Minutes after a cease-fire between Israel and Hamas went into effect,
five rockets were fired from Gaza at Beersheva and Israel struck the Gaza home of a top Islamic leader.
One of the long-range Grad rockets struck a home at 9:05 p.m. -- five minutes after the cease-fire had gone into effect on Wednesday (2 p.m. Eastern Standard Time) -- Israel's Channel 1 reported. At 9:28 p.m., two rockets fired toward the Eshkol Regional Council landed in open areas.
In between, Israel hit the Islamic Jihad leader's home in Khan Younis, but the Israel Defense Forces claimed the strike was carried out before the cease-fire went into effect. Hamas claimed it occurred afterward.
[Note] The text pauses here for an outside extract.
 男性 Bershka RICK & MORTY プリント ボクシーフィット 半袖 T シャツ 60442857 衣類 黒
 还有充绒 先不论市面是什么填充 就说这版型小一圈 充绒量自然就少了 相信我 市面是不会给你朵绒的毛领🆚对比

U.S. Secretary of State Hillary Clinton and Egyptian Foreign Minister Mohamed Kamel Amr announced the agreement on Wednesday evening in Cairo.
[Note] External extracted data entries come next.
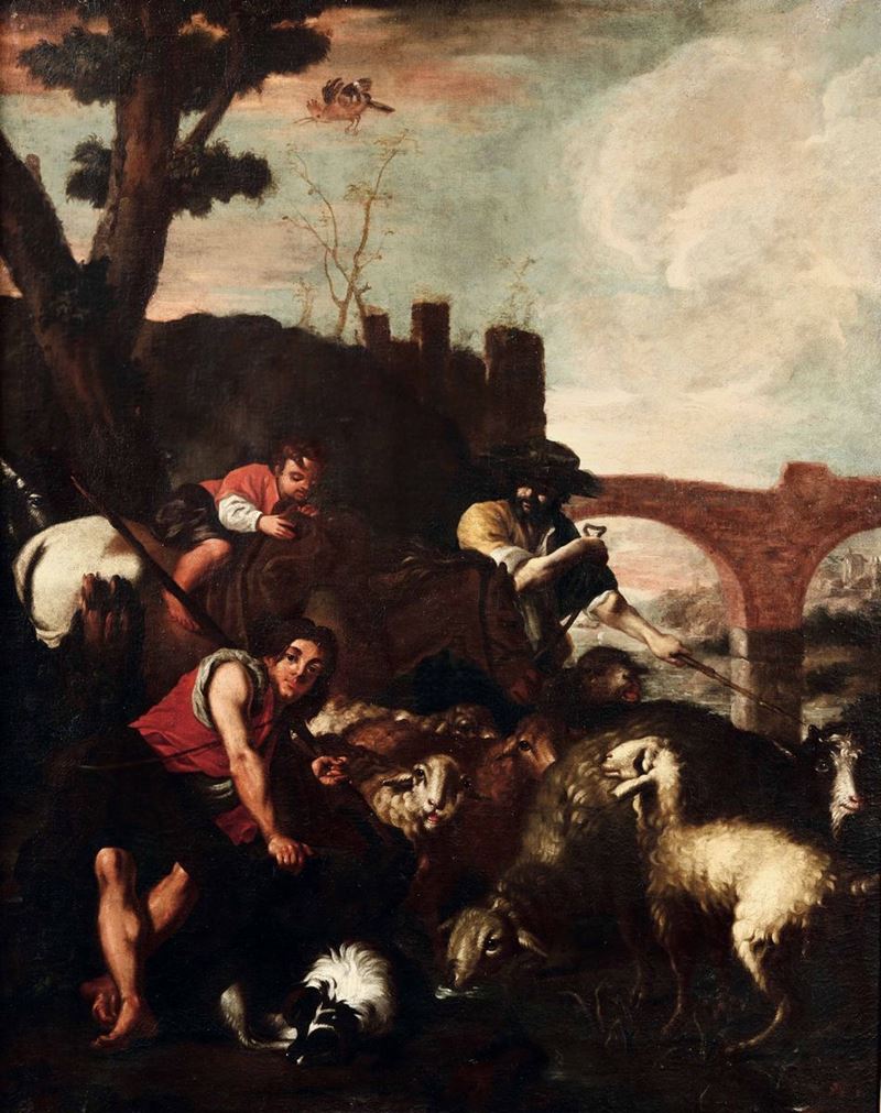 Philipp Peter Roos detto Rosa da Tivoli (Francoforte sul Meno 1655 - Tivoli 1706), ambito di Paesaggio con pastori, armenti [..]
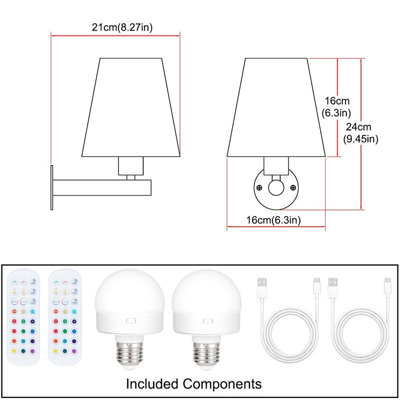 - 【Battery Operated Wall Sconces Set Of 2】Wall sconce led bulb use Android USB charging cable to charge(Including charging cable), 2500 mAh battery with 3 hours fast charging. Please note these bulbs can't work with on/off wall switch as an actual E26 bulb
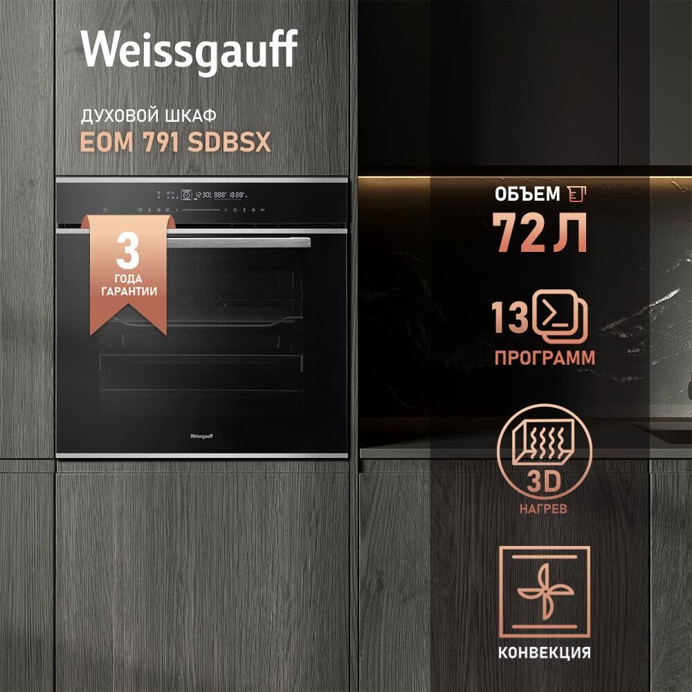 WEISSGAUFF Духовой шкаф Электрический EOM 791 SDBSX черный/нержавеющая сталь

Prior to the announcement, President Obama spoke with Israeli Prime Minister Benjamin Netanyahu, who accepted Obama's recommendation to give the Egyptian cease-fire proposal a chance to work.
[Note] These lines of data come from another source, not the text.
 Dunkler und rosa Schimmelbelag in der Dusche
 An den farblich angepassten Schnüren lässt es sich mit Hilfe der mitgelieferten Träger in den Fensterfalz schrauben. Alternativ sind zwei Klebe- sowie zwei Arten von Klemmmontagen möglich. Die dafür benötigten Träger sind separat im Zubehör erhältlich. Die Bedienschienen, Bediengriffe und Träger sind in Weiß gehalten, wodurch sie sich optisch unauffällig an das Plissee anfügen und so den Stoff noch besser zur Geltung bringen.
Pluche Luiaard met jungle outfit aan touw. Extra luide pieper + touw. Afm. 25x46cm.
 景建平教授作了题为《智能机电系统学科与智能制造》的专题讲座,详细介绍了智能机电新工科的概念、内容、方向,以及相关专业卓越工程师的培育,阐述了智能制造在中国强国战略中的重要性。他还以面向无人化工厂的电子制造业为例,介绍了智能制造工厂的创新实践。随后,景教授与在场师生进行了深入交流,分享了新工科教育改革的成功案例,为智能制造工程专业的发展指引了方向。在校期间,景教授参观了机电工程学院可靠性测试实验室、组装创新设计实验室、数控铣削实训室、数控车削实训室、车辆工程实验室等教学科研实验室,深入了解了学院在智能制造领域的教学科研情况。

Obama reiterated his commitment to Israel's security and made clear that no country can be expected to tolerate rocket attacks against civilians, according to the White House. He also commended Netanyahu for agreeing to the Egyptian cease-fire proposal while reiterating that Israel maintains the right to defend itself. Obama told Netanyahu that he was committed to seeking additional funding for Iron Dome and other U.S.-Israel missile defense programs.
Clinton called the cease-fire agreement a "critical moment for the region" and praised Egypt for its leadership on the agreement. She said the next steps include moving toward a comprehensive peace between Israel and the Palestinians.
According to the agreement, "Israel shall stop all hostilities in the Gaza Strip land sea and air, including incursions and targeting of individuals." And "All Palestinian factions shall stop all hostilities from the Gaza Strip against Israel, including rocket attacks and all attacks along the border.
The agreement also calls for "Opening the crossings and facilitating the movement of people and transfer of goods and refraining from restricting residents' free movements and targeting residents in border areas."
Netanyahu addressed the nation as the cease-fire went into effect.
"Eight days ago Israel launched an operation after terror attacks from Gaza escalated. I announced that … our response will take a toll on the terror groups," he said. With several major terrorist commanders eliminated and weapons infrastructure destroyed, "we have decided to give cease-fire a chance."
Netanyahu, however, did not rule out a more intensive operation in Gaza in the future.
Defense Minister Ehud Barak said the goals of Operation Pillar of Defense, including weakening Hamas and Islamic Jihad, were met.
Six Israelis and more than 140 Palestinians have been reported killed since Israel launched the operation on Nov. 14 with the assassination of Hamas military chief Ahmed Jabari. An Israeli army reservist was killed Wednesday in an attack on the Eshkol Regional Council.
The assassination of Jabari followed several days of intense rocket bombardment on southern Israel, and Hamas stepped up its rocket fire against Israel following the operation's launch. Hamas missiles have reached as far as the Jerusalem and Tel Aviv areas nearly 50 miles away. On Wednesday, terrorists detonated a bomb aboard a bus in central Tel Aviv, wounding 21 people.
According to the Israel Defense Forces, nearly 1,500 rockets have been fired from Gaza toward Israel since the beginning of the operation, with some falling in Gaza territory. Some 421 rockets were intercepted by the Iron Dome missile defense system.